=== Given records ===

"""

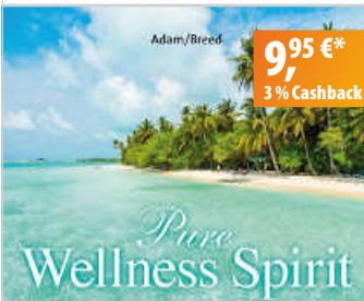
Adam/Breed Pure Wellness Spirit
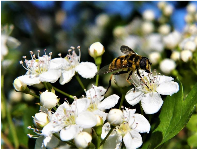
Wilde bij op meidoorn.
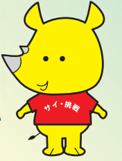
新潟市 ごみ減量推進キャラクター サイチヨ
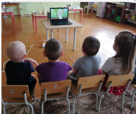
Просмотр мультфильма «Полезная еда» (Синий трактор)
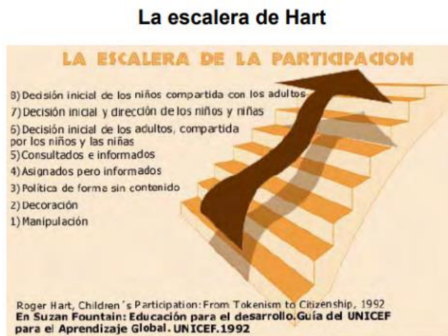
Imagen nº 3. La escalera de Roger Hart

Fuente participar también es cosa de niños, extraído de https://www.savethechildren.es/sites/default/files/imce/docs/guiaparticipacionvalencia.pdf
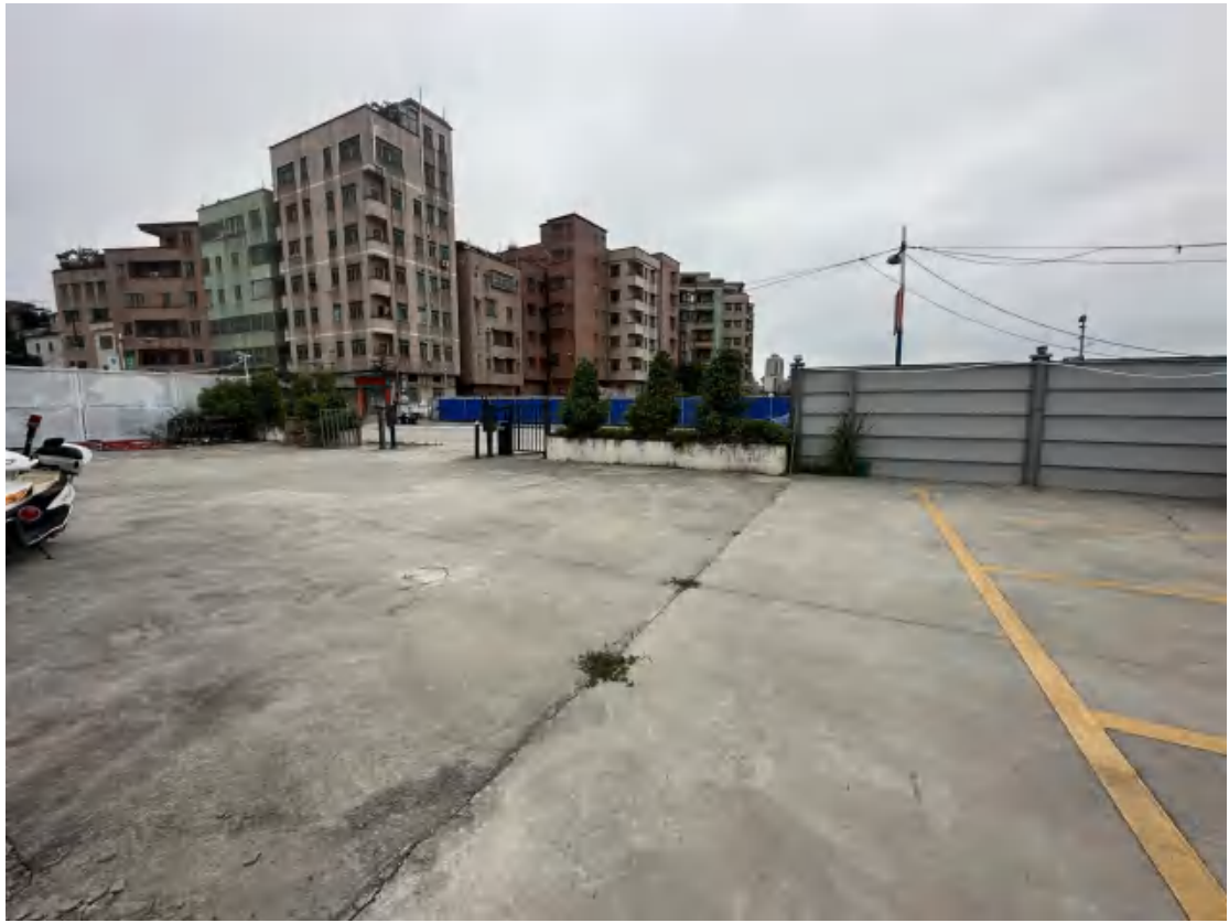
图 27 工程用地南部地表现状（东-西）
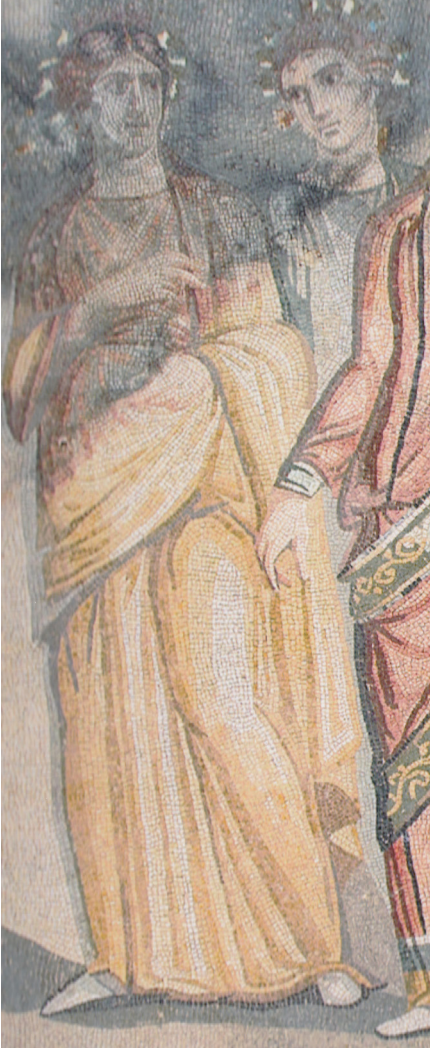
Resim 16 Zeugma Quintus Calpurnius Eutykhes Evi'ndeki Akhilleus Mozaïğine bitişik olan Theonoe Mozaïği'ndeki kadın figürü detayı (Önal 2009: res. 89).
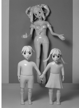
Kim Simonsson: Supersankari I, 2002. Karttuna kokoelma.
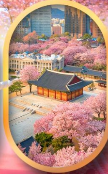
พระราชวังชางด็อกกุง
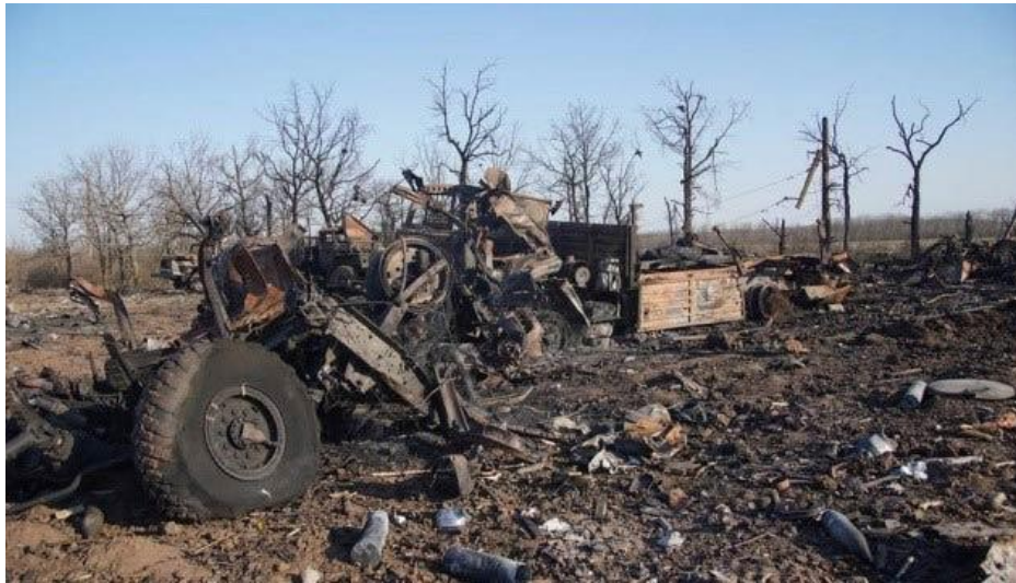
Рис.2 Приклад комплексного воєнного впливу, спричиненого вибухами боєприпасів та забрудненням рештками транспорту, пального і вибухівки.

застарілих ракет та реактивних снарядів, які масово застосовують окупаційні війська [2].
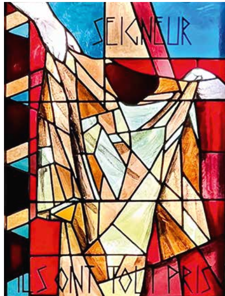
Glasfenster der Kapelle «La Pelouse» Oberhalb von Bex bei den Schwestern der Kongregation «Saint Maurice» an unserem letztjährigen Pfarreiausflug
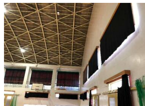
完成写真 (壁面吊下式バスケットゴールの撤去 照明器具をLED器具に改修)
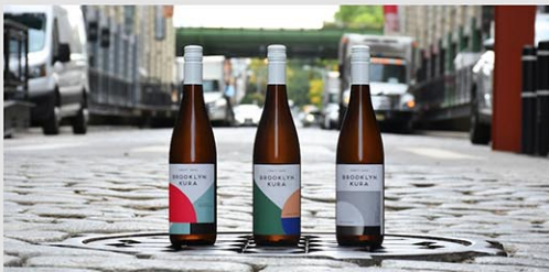
ニューヨーク発の酒蔵「ブルックリン・クラ (Brooklyn Kura)」

Hakkaisanは日本での酒造りと並行して、「SAKEを世界飲料に」をスローガンに掲げ、海外でのSAKE文化の発信にも力を入れてきた。アメリカの西海岸ではドジャース、そして東海岸ではブルックリンにあるニューヨーク初の酒蔵として知られる「ブルックリン・クラ (Brooklyn Kura)」と協業している。
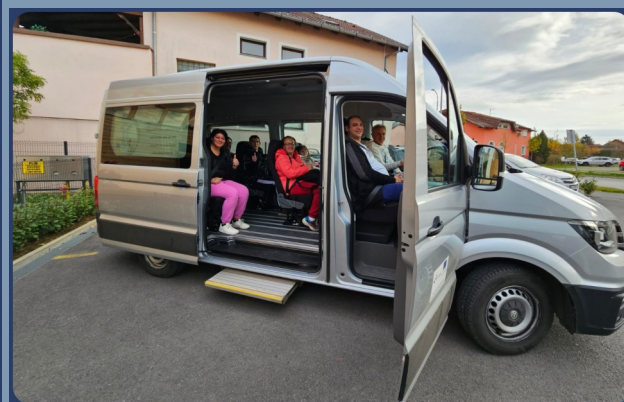
USLUGA ORGANIZIRANOG PRIJEVOZA U MALI PRINC

"""

=== Exercise objective ===
Output each entry exactly. Skip the pictures.

=== Answer box ===
Adam/Breed Pure Wellness Spirit
Wilde bij op meidoorn.
新潟市 ごみ減量推進キャラクター サイチヨ
Просмотр мультфильма «Полезная еда» (Синий трактор)
Imagen nº 3. La escalera de Roger Hart

Fuente participar también es cosa de niños, extraído de https://www.savethechildren.es/sites/default/files/imce/docs/guiaparticipacionvalencia.pdf
图 27 工程用地南部地表现状（东-西）
Resim 16 Zeugma Quintus Calpurnius Eutykhes Evi'ndeki Akhilleus Mozaïğine bitişik olan Theonoe Mozaïği'ndeki kadın figürü detayı (Önal 2009: res. 89).
Kim Simonsson: Supersankari I, 2002. Karttuna kokoelma.
พระราชวังชางด็อกกุง
Рис.2 Приклад комплексного воєнного впливу, спричиненого вибухами боєприпасів та забрудненням рештками транспорту, пального і вибухівки.

застарілих ракет та реактивних снарядів, які масово застосовують окупаційні війська [2].
Glasfenster der Kapelle «La Pelouse» Oberhalb von Bex bei den Schwestern der Kongregation «Saint Maurice» an unserem letztjährigen Pfarreiausflug
完成写真 (壁面吊下式バスケットゴールの撤去 照明器具をLED器具に改修)
ニューヨーク発の酒蔵「ブルックリン・クラ (Brooklyn Kura)」

Hakkaisanは日本での酒造りと並行して、「SAKEを世界飲料に」をスローガンに掲げ、海外でのSAKE文化の発信にも力を入れてきた。アメリカの西海岸ではドジャース、そして東海岸ではブルックリンにあるニューヨーク初の酒蔵として知られる「ブルックリン・クラ (Brooklyn Kura)」と協業している。
USLUGA ORGANIZIRANOG PRIJEVOZA U MALI PRINC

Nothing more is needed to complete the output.